» **Information shown**

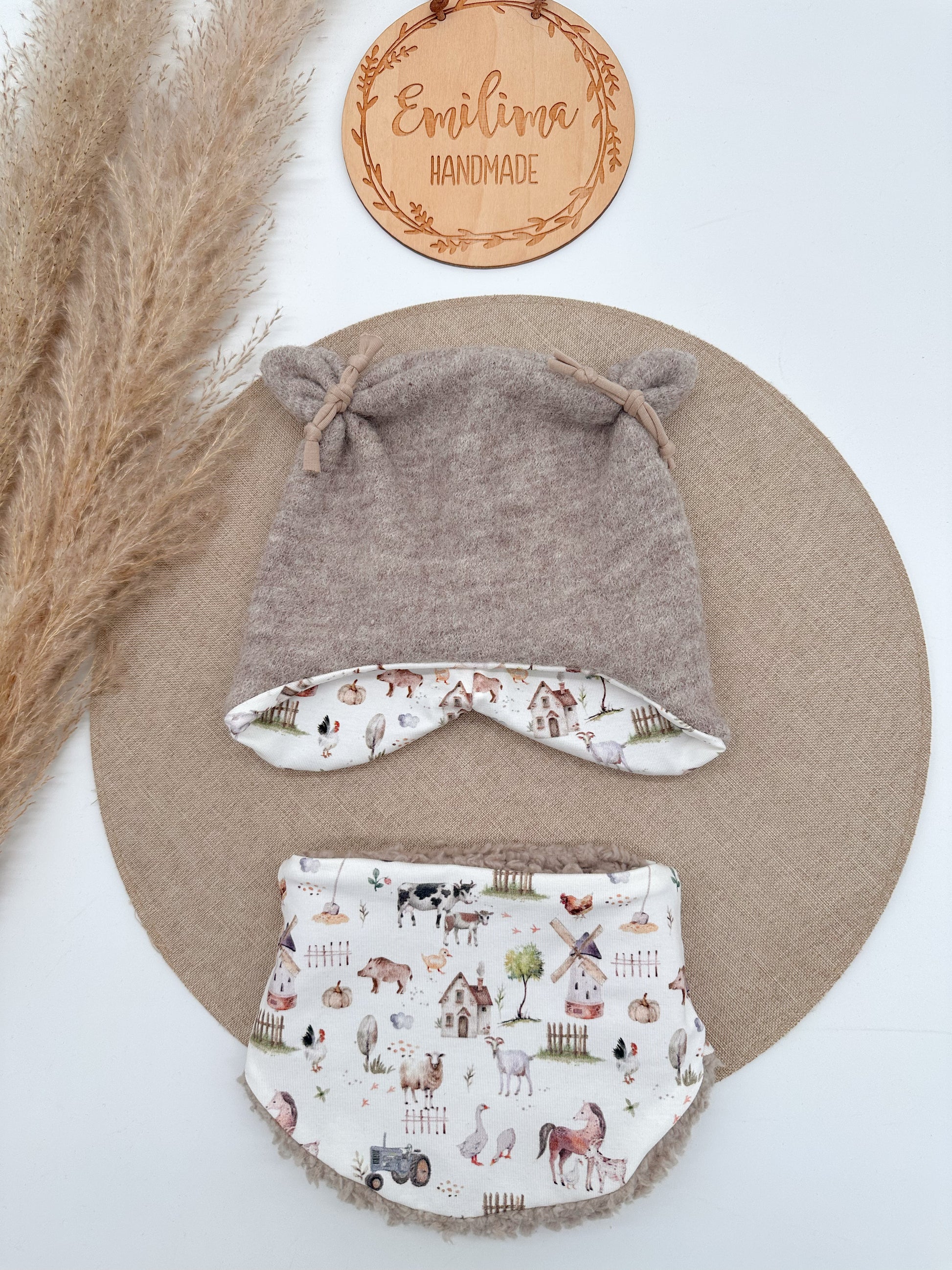 Set aus Öhrchenmütze und Halssocke aus Walk / Jersey , gefüttert mit Teddyfleece/ Jersey.
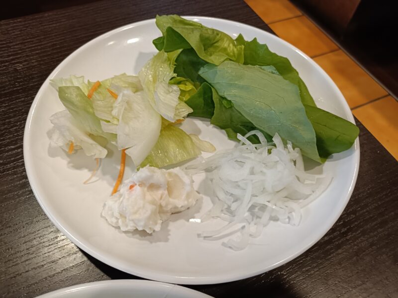 オニオンスライス、サラダレタス、サニーレタス(サラダ菜?)、ポテトサラダ。
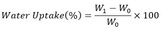 Water uptake studies were conducted following ASTM D570 to evaluate the relative water absorption of the SPI films. Samples were cut into 1 cm x 1 cm square pieces and kept at 60°C to remove extra moisture absorbed by the film. Following this, all samples were kept at 0% relative humidity (RH) in a dessicator to ensure uniform initial moisture content. The initial dry weight of each sample (W0) of each specimen was recorded. After that, the samples were immersed in 20 ml of distilled water for 24 h. Following soaking, the final weight (W1) was obtained after the surface water was removed with tissue paper. The following formula was used to determine the percentage of water uptake:
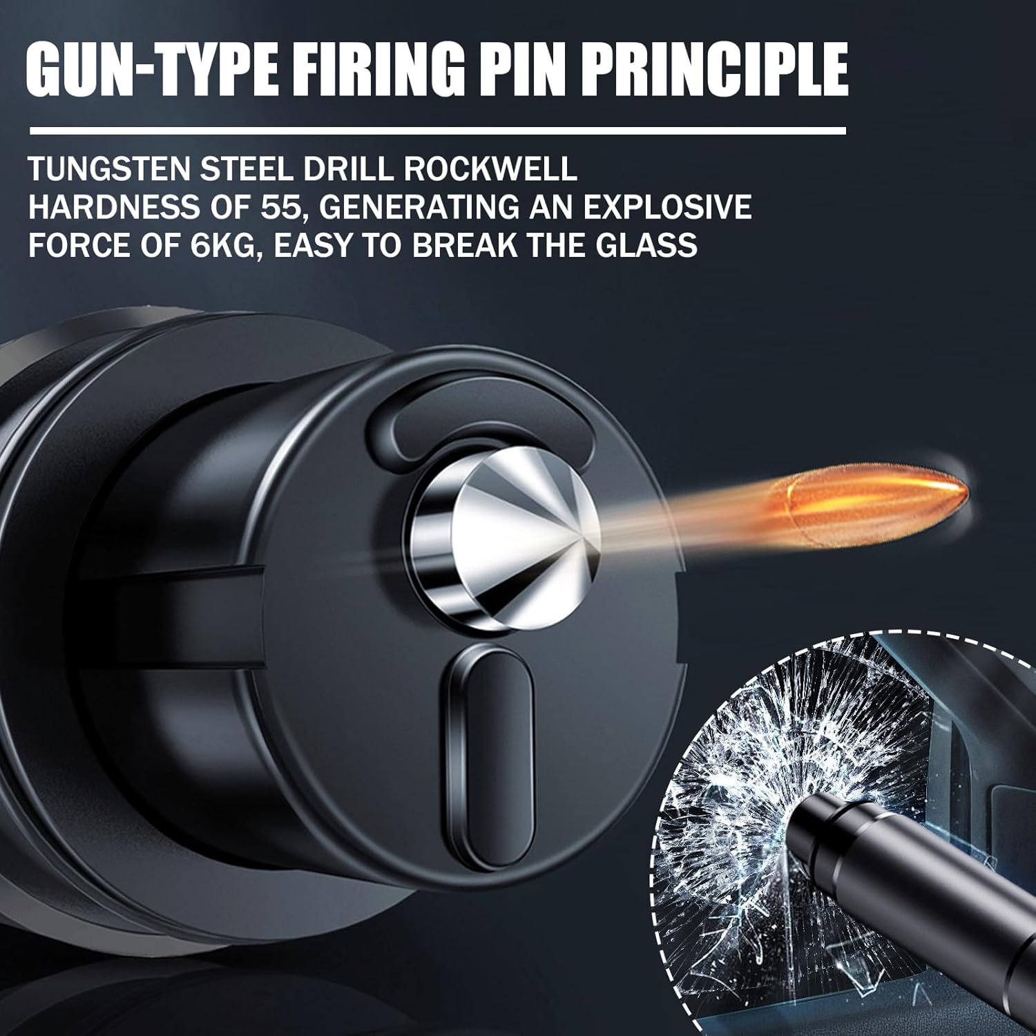 Gun-Type Firing Pin Principle: Instantaneous outbreak of super strength, tungsten steel parts Rockwell hardness of 55, generating an explosive force of about 6kg, easy to break the glass. safehammer glass breaker is recommended to put 2-4 on top of one vehicle to get out of danger in the fastest time.
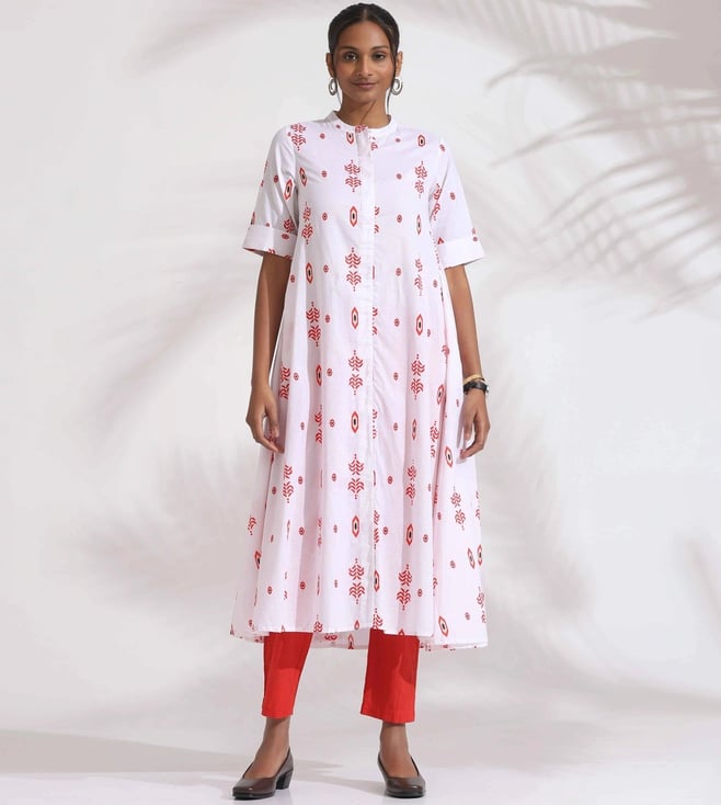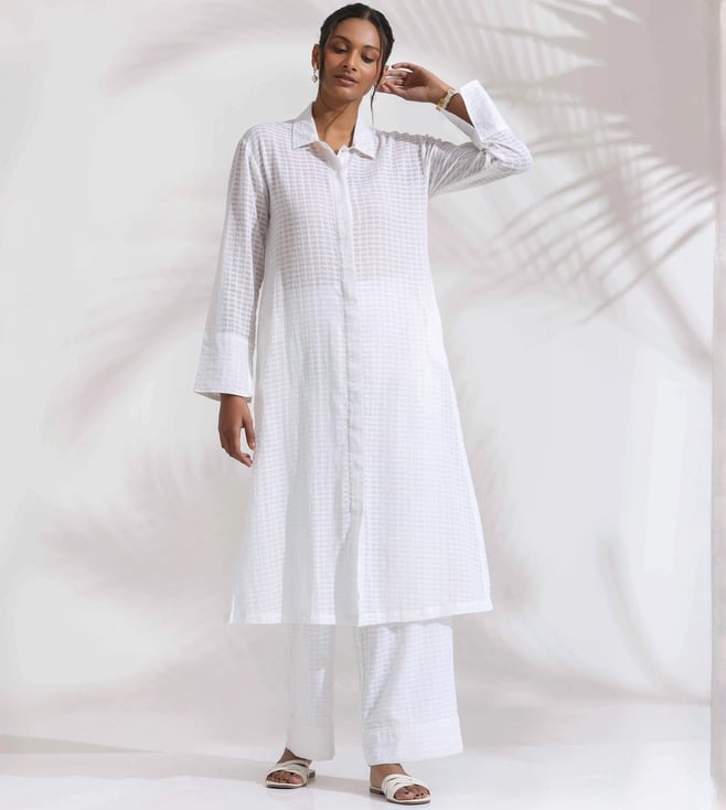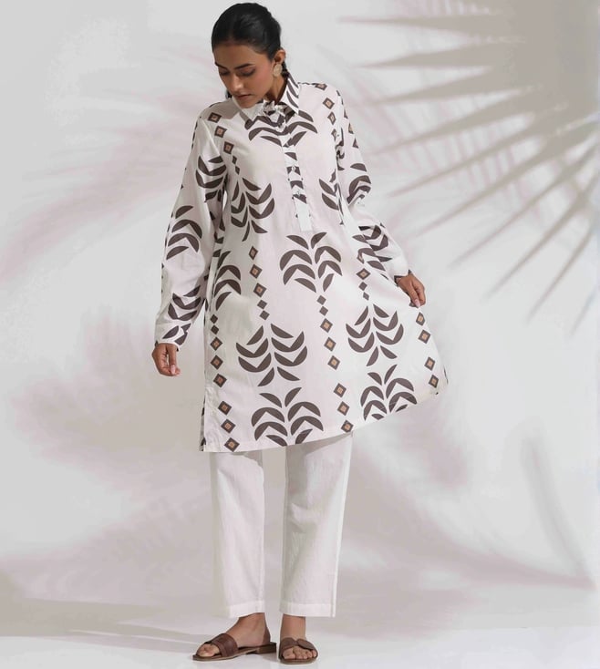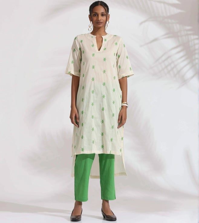 Off-White Cotton Floral Embroidered Straight Kurta Set
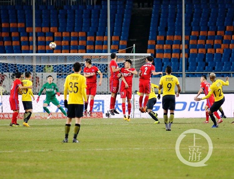 全场比赛结束,广州恒大1-1战平重庆斯威。
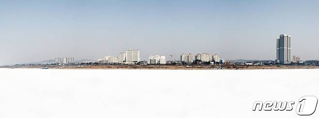 (여주=뉴스1) = 13일 오전 경기도 여주시내 남한강이 한파로 얼어붙은 채 전날 내린 눈이 덮여 하얗게 보이고 있다. (여주시 제공) 2021.1.13/뉴스1
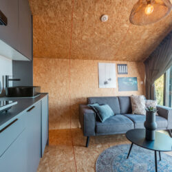 Een stijlvol ingericht tiny house met verrassend veel comfort, perfect voor een ontspannen vakantie in de natuur met z’n vieren.
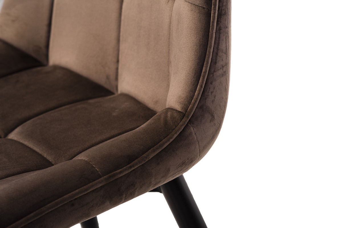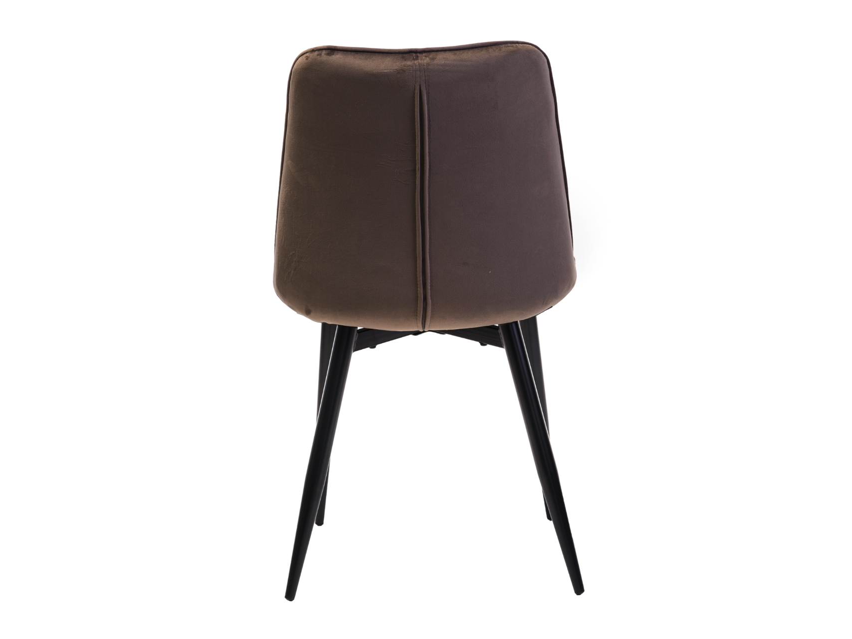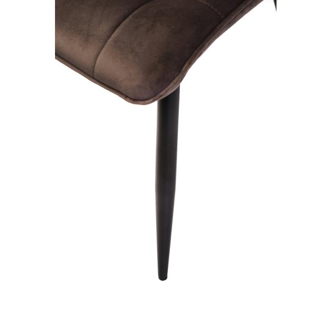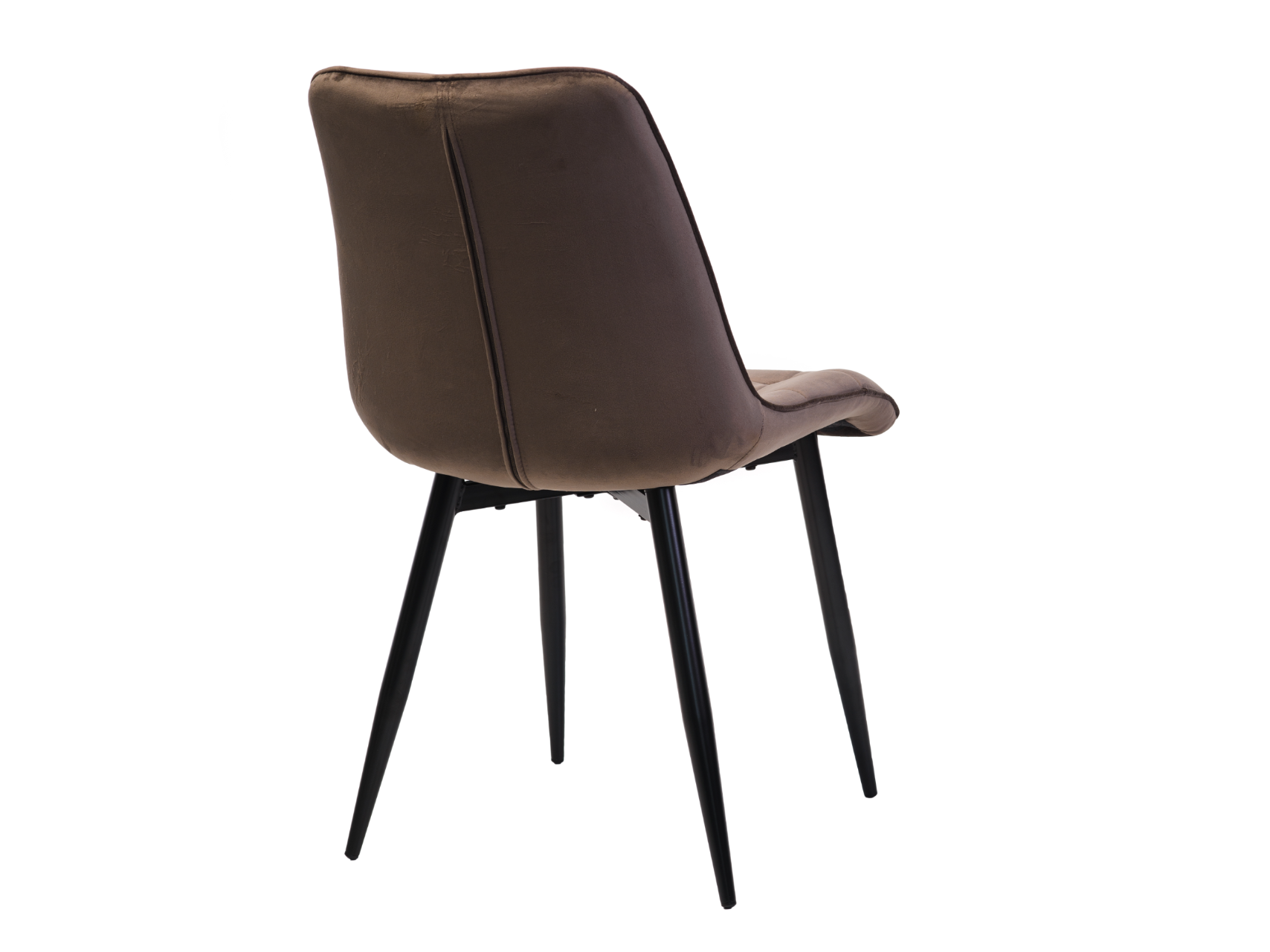 Чорний металевий каркас створює стильний контраст із теплим тоном велюру, забезпечуючи стійкість і довговічність. Завдяки ергономічній формі спинки й сидіння цей стілець дарує комфорт навіть під час тривалого використання.

» **Task brief**
Print every entry verbatim and leave all pictures out.

» **Result for this exercise**
 Set aus Öhrchenmütze und Halssocke aus Walk / Jersey , gefüttert mit Teddyfleece/ Jersey.
 オニオンスライス、サラダレタス、サニーレタス(サラダ菜?)、ポテトサラダ。
 Water uptake studies were conducted following ASTM D570 to evaluate the relative water absorption of the SPI films. Samples were cut into 1 cm x 1 cm square pieces and kept at 60°C to remove extra moisture absorbed by the film. Following this, all samples were kept at 0% relative humidity (RH) in a dessicator to ensure uniform initial moisture content. The initial dry weight of each sample (W0) of each specimen was recorded. After that, the samples were immersed in 20 ml of distilled water for 24 h. Following soaking, the final weight (W1) was obtained after the surface water was removed with tissue paper. The following formula was used to determine the percentage of water uptake:
 Gun-Type Firing Pin Principle: Instantaneous outbreak of super strength, tungsten steel parts Rockwell hardness of 55, generating an explosive force of about 6kg, easy to break the glass. safehammer glass breaker is recommended to put 2-4 on top of one vehicle to get out of danger in the fastest time.
 Off-White Cotton Floral Embroidered Straight Kurta Set
 全场比赛结束,广州恒大1-1战平重庆斯威。
 (여주=뉴스1) = 13일 오전 경기도 여주시내 남한강이 한파로 얼어붙은 채 전날 내린 눈이 덮여 하얗게 보이고 있다. (여주시 제공) 2021.1.13/뉴스1
 Een stijlvol ingericht tiny house met verrassend veel comfort, perfect voor een ontspannen vakantie in de natuur met z’n vieren.
 Чорний металевий каркас створює стильний контраст із теплим тоном велюру, забезпечуючи стійкість і довговічність. Завдяки ергономічній формі спинки й сидіння цей стілець дарує комфорт навіть під час тривалого використання.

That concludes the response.